In both our domestic life and at work, we need to make decision and in order to make good decisions we need to be able to think clearly and weigh up evidence effectively. In the long term the decisions we make greatly affect our lives, so it is important to be able to make good decisions as often as possible.
There are many myths about decision-making. One famous one is about making right choice. Open the right door and you will find yourself free, open the wrong one and you will find a dead end. The second famous myth is about that people are either decisive or indecisive. Most people fall between these extremes, and can sometimes make up their minds quite easily and at other times are stuck badly: stunk on the horns of a dilemma. These myths have astonishing parallels today. Successful and hard working people in many walks of life appear to make complex and accurate decisions at the speed that defies the less experienced. When something goes wrong the weight of unremitting choice and responsibility leads to loss of good judgment. The opportunity to make decisions, whether in daily life or in unusual, difficult situations, appears to protect people from suffering.
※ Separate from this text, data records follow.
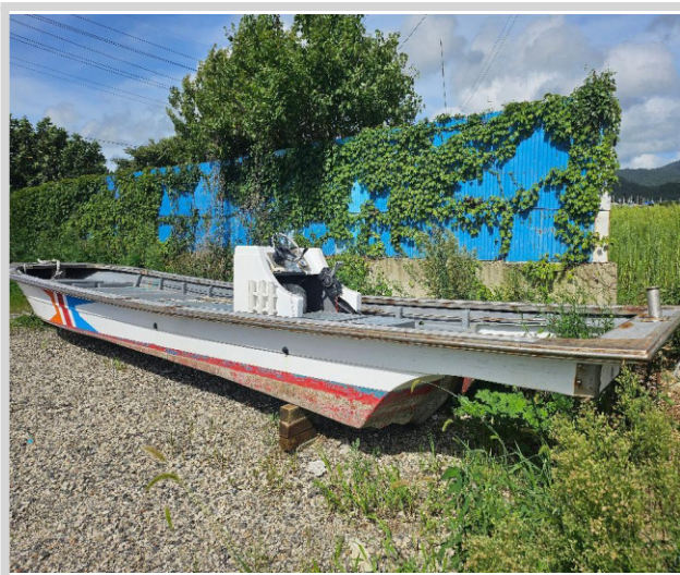
본 건 선체
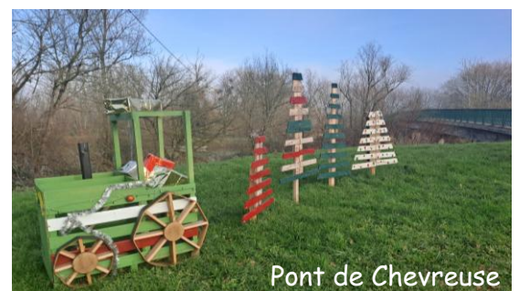
Pont de Chevreuse
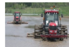
無人運転が可能な自動走行農機の導入
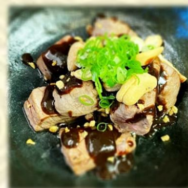
Beef Filet Diced Miso Steak

But the demands can be too great. The responsibility of having too many, too weighty decisions to make quickly provokes high degrees of stress.
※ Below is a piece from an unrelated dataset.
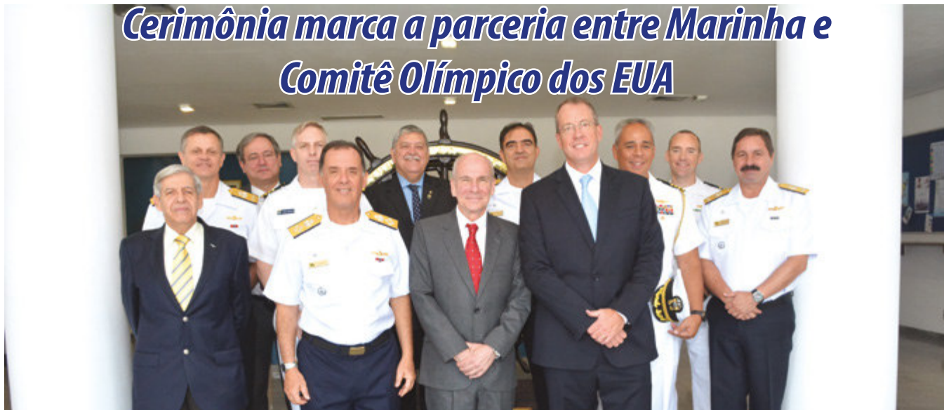
Autoridades americanas e brasileiras

No dia 3 de agosto, foi realizada uma cerimônia alusiva à cooperação firmada entre a Marinha do Brasil (MB) e o Comitê Olímpico Norte-Americano, por ocasião dos Jogos Olímpicos Rio 2016, presidida pelo Diretor-Geral do Pessoal da Marinha, Alte Esq Ilques Barbosa Júnior, na Escola Naval, no Rio de Janeiro (RJ).

It can provide quite uncharacteristic change in an individual’s ability to function. When the decision making process is overloaded worry, frustration and distress creeps in. this phenomena can easily be seen in the mechanism of air traffic control system. Air traffic controllers (at the time) used many different channels of communication. They watched movement on a video screen, listened to and provide information over earphones, received and sent messages using computer terminals and a note pad. The method they are using work efficiently and safely if one channel become faulty another is ready to back it up—provided the level of air traffic stays within reasonable limits. When the limitations are surpassed, communication and decision—making first slowed down and then, if the disruptive conditions persisted, fell apart. Without the help of high-tech gadgets the true essence of human decision making comes out.
Many hitches cause problems for the decision makes so it is important to know how to recognize them, and where to look out for these false dictators and unsettling gremlins that can put off one’s stride.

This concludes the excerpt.